Root cause is incorrect calculation of space needed for NdbRecord.

In NdbDictionary::createRecord, the space for blob columns is calculated to include 16 byte blob header plus 256 byte inline size. But actually only sizeof(Blob*) is needed. When scanning tables that have blob columns, the method nextResultCopyOut (used only by clusterj scans) copies the incorrect number of bytes, and potentially overwrites data in memory immediately following the buffer. 

In java 6 and earlier, the buffers were allocated on page boundaries (typically 4K bytes) so it would be unlikely that the extra data would be a problem. But in java 7 and later, buffers are allocated one after the other so the extra data corrupts the following buffer. 
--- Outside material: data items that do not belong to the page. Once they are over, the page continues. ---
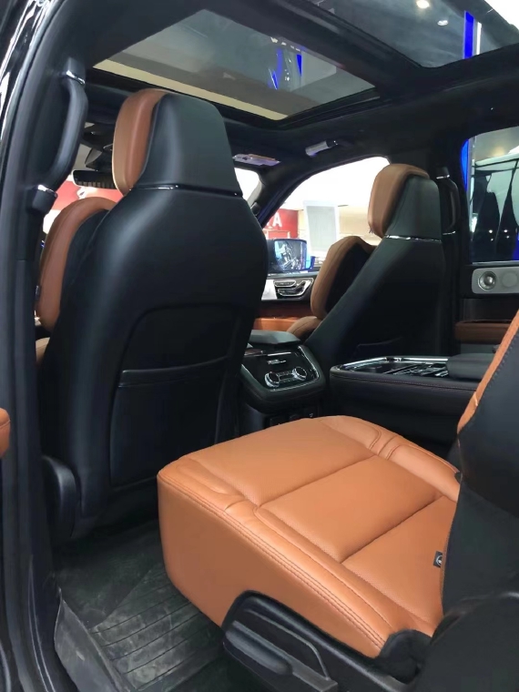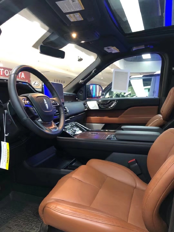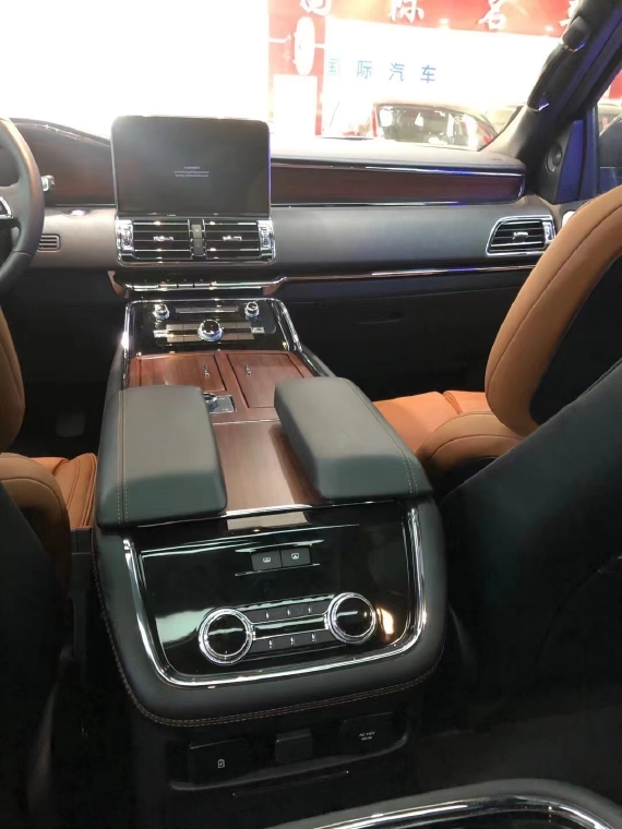 林肯领航员的内饰非常奢华,多功能方向盘,中控台的造型与宽大的车身相呼应,新车全部真皮包裹座椅,内饰采用桃木搭配设计,高贵典雅,加高加大的车身除了增加内部空间外,还给人营造一种尊贵典雅的感觉。最新林肯领航员新车采用了2+2+3的座椅布局,第二排采用了两个独立座椅,座椅内侧均配有扶手,舒适度超强。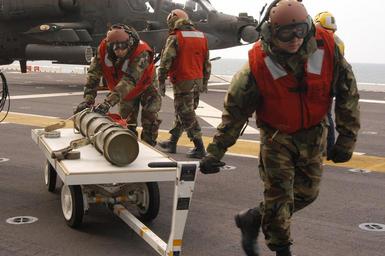| Keywords: Defense.gov News Photo 050201-N-5455M-002.jpg en U S Army armament specialists transit the flight deck of the USS Nassau LHA 4 during joint shipboard weapons and ordnance training as the ship operates in Atlantic Ocean on Feb 1 2005 Army personnel are aboard the amphibious assault ship to train alongside Navy aviation ordnancemen in a joint training environment 050201-N-5455M-002 Navy http //www defense gov/photos/newsphoto aspx newsphotoid 6060 2005-02-01 en Petty Officer 2nd Class Susan Milton U S Navy PD-USGov-Military-Navy Defense gov news media for February 2005 Military training Import by User Slick-o-bot/Defense gov News Photos Defense gov photos requiring renaming Taken with Nikon D100 United States Army USS Nassau LHA-4 |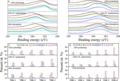 图1. 在70 % B (A, C)和50 % B (B, D)硼膜中碳的化学态。XPS谱图按照碳含量排列,碳含量从上而下依次升高。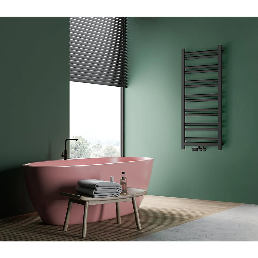 Grzejnik łazienkowy Łezka Retro ŁR 12/40 to doskonałe połączenie funkcjonalności i stylu retro, wprowadzając do każdej łazienki wyjątkowy charakter. Jego elegancki, czarny kolor nadaje wnętrzu subtelnej elegancji, doskonale współgrając z prostotą i surowością aranżacji.

The solution is to check the size of the buffer that is calculated by NdbDictionary::createRecord and if that size is bigger than the internally calculated buffer size, use the larger size.
[7 Jul 2015 14:42] Daniel So
Posted by developer:
 
Added the following entry to the MySQL Cluster 7.4.7 and 7.3.10 changelogs:

"When used with Java 1.7 or higher, ClusterJ might cause the Java VM to crash when querying tables with BLOB columns, because NdbDictionary::createRecord calculates the wrong size needed for the record. Subsequently, when ClusterJ called NdbScanOperation::nextRecordCopyOut, the data overran the allocated buffer space. With this fix, ClusterJ checks the size calculated by NdbDictionary::createRecord and uses the value for the buffer size, if it is larger than the value ClusterJ itself calculates."